The clusteredness of the subjects in the case-only network was statistically significant when compared to 1000 random permutations of the network based on variance of the dissimilarities (case-only network = 1.31, Random Mean = 0.89, p<.001 two-tailed test), skewness of the distribution of dissimilarities (case-only network = 2.80, Random Mean = 1.60, p<.001 two-tailed test), and kurtosis of the distribution of dissimilarities (case-control network = 10.47, Random Mean = 5.20, p<.001 two-tailed test). Similarly, the clusteredness of the methylation sites in the case-only network was also statistically significant when compared to 1000 random permutations of the network based on variance of the dissimilarities (case-only network = 10.05, Random Mean = 3.76, p<.001 two-tailed test), skewness of the distribution of dissimilarities (case-only network = 2.30, Random Mean = 1.96, p<.001 two-tailed test), and kurtosis of the distribution of dissimilarities (case-only network = 6.62, Random Mean = 5.66, p<.001 two-tailed test). These results suggest the existence of two PTB subgroups. The first subgroup on the left was hypermethylated at 7 sites, and hypomethylated at 3 sites. In contrast, the second subgroup on the right was hypomethylated on all 10 sites.

In summary, the bipartite network visualizations and analyses led to two key findings. (1) There existed an inverse symmetrical relationship in the methylation profiles between the cases and controls: cases were predominantly hypermethylated at 7 methylation sites, and hypomethylated at 3 methylation sites, whereas controls were predominantly hypomethylated at the above 7 methylation sites and hypermethylated at the above 3 methylation sites. (2) There was strong evidence for heterogeneity in the profiles of the cases, where one subgroup was predominantly hypermethylated across 7 methylation sites, and another subgroup was hyomethylated across all 10 methylation sites.

Relationship between Methylation and Gestational Age

Because the two subgroups in the case-only network had a wide range in overall methylation differences, we tested if there was an association between total methylation difference in each case, and gestational age. The results showed an inverse linear relationship between the total methylation for each subject (binned in increments of 0.25), and gestational age (best fitted by y = −1.6222x + 36.052, R2 = 0.8488).

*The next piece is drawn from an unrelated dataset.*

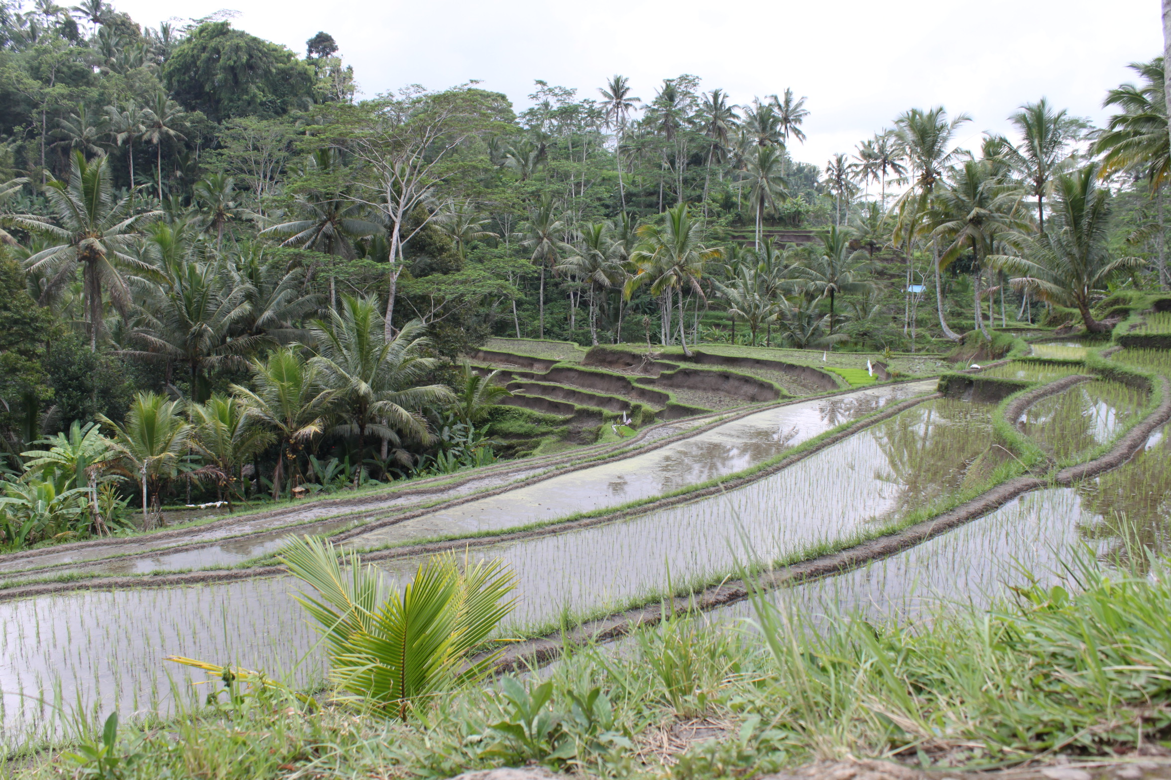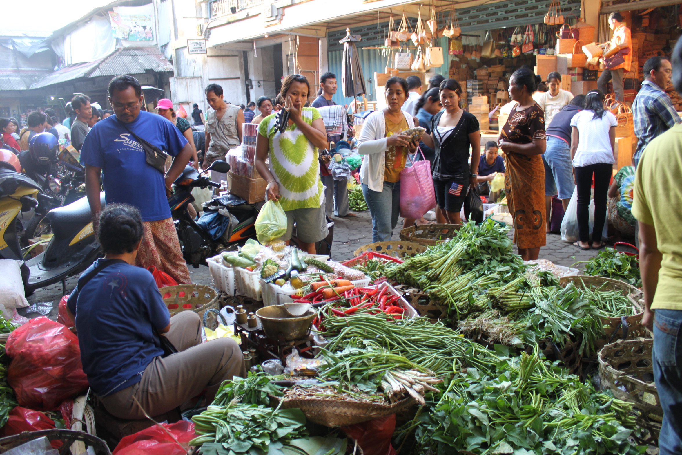 We escaped from all the New Year festivities here recently to the island of Bali in Indonesia. Most of our time was spent in Ubud, an area of very fertile rice terraces and a cultural center. It’s full of art galleries, furniture shops, antiques, wood carvings, silver jewelry, as well as batiks and other wonderful Indonesian textiles. Our favorite Balinese art forms are music and dance. We saw very interesting and wonderful performances almost every other night at the Arma hotel stage. We found this hotel to be a real oasis from the hot and noisy narrow streets of the town. With its own stage, and museum, an abundance of traditional sculpture and architecture, it is itself a center for Balinese art.
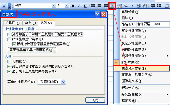 3、在我們選擇“自定義”之后,就會發現彈出一個窗口,但是這個窗口對我們來說,不需要做任何的點擊。然后我們找到工具欄,在居中并對其圖標上單擊鼠標右鍵,將會彈出下拉菜單,然后選擇“總是文字”,如圖所示:

Inferences for Biological Mechanisms in Preterm Birth

An important goal of network visualization and analysis is to enable the comprehension of complex patterns in the data leading to hypotheses for the underlying processes such as biological mechanisms. Accordingly, given the significant separation of cases and controls in the case-control network, and the significant heterogeneity in the case-only network, our goal was to infer the possible biological pathways underlying those patterns. We therefore used IPA to identify known pathways related to genes represented by the 7 methylation sites, and related to the genes represented by the 3 methylation sites (shown on the left and the right of both networks respectively). The two bipartite networks along with the pathways identified from IPA were provided to a domain expert in PTB, who was asked to infer the potential mechanisms leading to PTB.

For the case-control network, he first attempted to analyze the IPA-identified pathways related to the 7 methylation sites that were hypermethylated in the left case-dominated cluster. Unfortunately, none of the pathways appeared to be meaningful for PTB. Next, he analyzed the IPA-identified pathways related to the 3 sites that were hypermethylated in the right control-dominated cluster. Here he inferred that two of the hypermethylated sites (cg23754392, cg25592206) were likely downregulating their respective genes (BMI1 and CDKN2C) leading to the upregulation of TP53 (a known tumor suppressor), resulting in normal cell senescence required for the normal rupture of the placenta during labor. Because these very methylation sites were hypomethylated (represented explicitly by the thin edges that connected most of the subjects in the left case-dominated cluster, to these two methylation sites on the right), he hypothesized that the opposite might hold for the cases: hypomethylation of the same two sites would lead to upregulation of BMI1 and CDKN2C, leading to the suppression of TP53 potentially resulting in decreased or absent cellular senescence.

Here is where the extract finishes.